Notwithstanding the political catastrophes of the twentieth century, the notion of the noble guerrilla persists on the left. According to this notion, a man or woman who takes to the hills, gun in hand, must be fighting for a good cause, and bringing about a better and more just world. The Guardian, Britain’s left-liberal newspaper, which (alas) is also its most serious paper, can’t get enough of the noble guerrilla.

The Guardian’s latest glossy weekend supplement carried a photographic essay about PKK (Kurdish Workers’ Party) guerrillas on the Turkish-Iraqi border. Romanticizing them could hardly go further: in rugged landscapes, we see fresh-faced young men and women in gray-green fatigues either in pensive, poetic mood or happily singing revolutionary songs.

How purposefully authentic their existence seems compared with ours, who live in large, comfortable, and wealthy cities, selfishly enjoying the rotten fruits of a decadent civilization.

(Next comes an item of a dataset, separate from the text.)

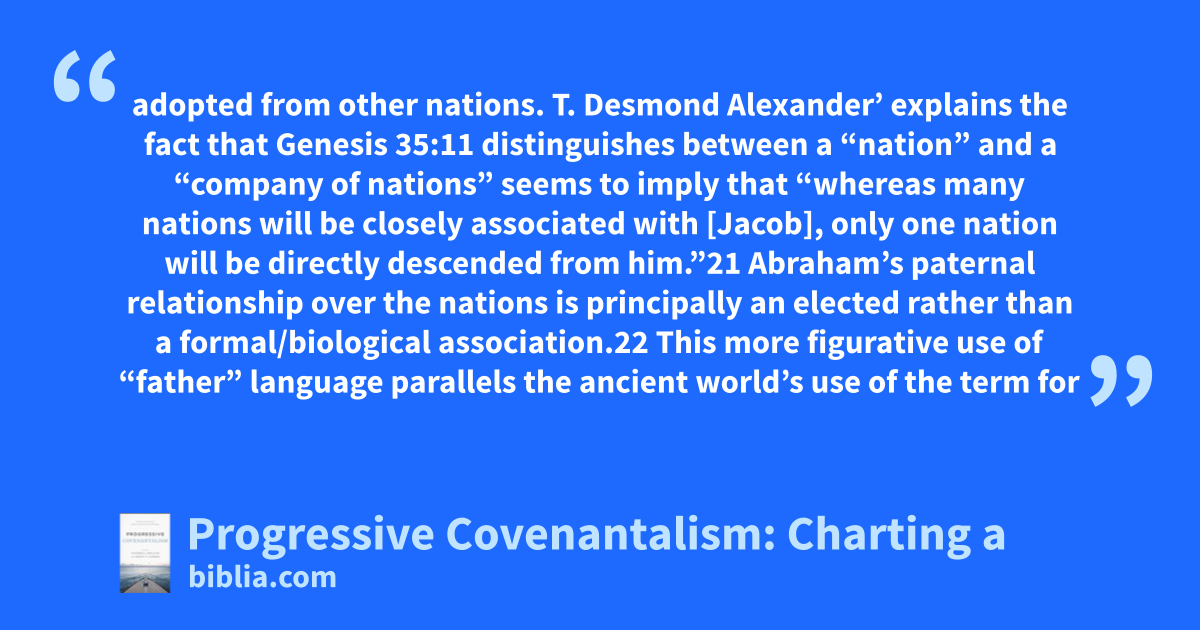 adopted from other nations. T. Desmond Alexander’ explains the fact that Genesis 35:11 distinguishes between a “nation” and a “company of nations” seems to imply that “whereas many nations will be closely associated with [Jacob], only one nation will be directly descended from him.”21 Abraham’s paternal relationship over the nations is principally an elected rather than a formal/biological association.22 This more figurative use of “father” language parallels the ancient world’s use of the term for

One almost wishes one could shed the veneer of sophistication and join up, to breathe the crystalline, unpolluted air of Kurdistan.

How many times in the twentieth century did we see the same photographic essays about noble guerrilla movements!

In the brief commentary that accompanied the pictures, not a single word appeared about the PKK’s history of hard-line Marxism or its alliance with the Shining Path, the monstrous Peruvian guerrilla movement of the Pol Pot tendency. Nor was there a word about the 30,000 people who have died as a result of its insurgency. All we get are the words of “a female fighter.” “We don’t want a utopia,” she said. “Like all people around the world, we simply want the right to enjoy our culture and use our language.”

Perhaps the best gauge of the depth and sincerity of the average Guardian reader’s interest in and commitment to the Kurdish liberation struggle—a struggle that, if successful, would almost certainly result in the establishment of a nasty little totalitarianism—is the article on the following pages about fashion, with the legend “Elegant drapery with metallic details[—]take inspiration from ancient Greece this summer.” The article invites female supporters of Kurdish liberation to buy a blue, one-shoulder Lanvin dress for just over $2,900, together with a wide silver belt for $280 and a silver charm chain (worn around the shoulder) at $500, or alternatively a black dress with metallic detail by Marios Schwab for just over $3,000, together with gold sandals for $640.

Could solidarity with the Kurdish people go any further? The PKK are a fashion accessory: bought, of course, at the expense of others.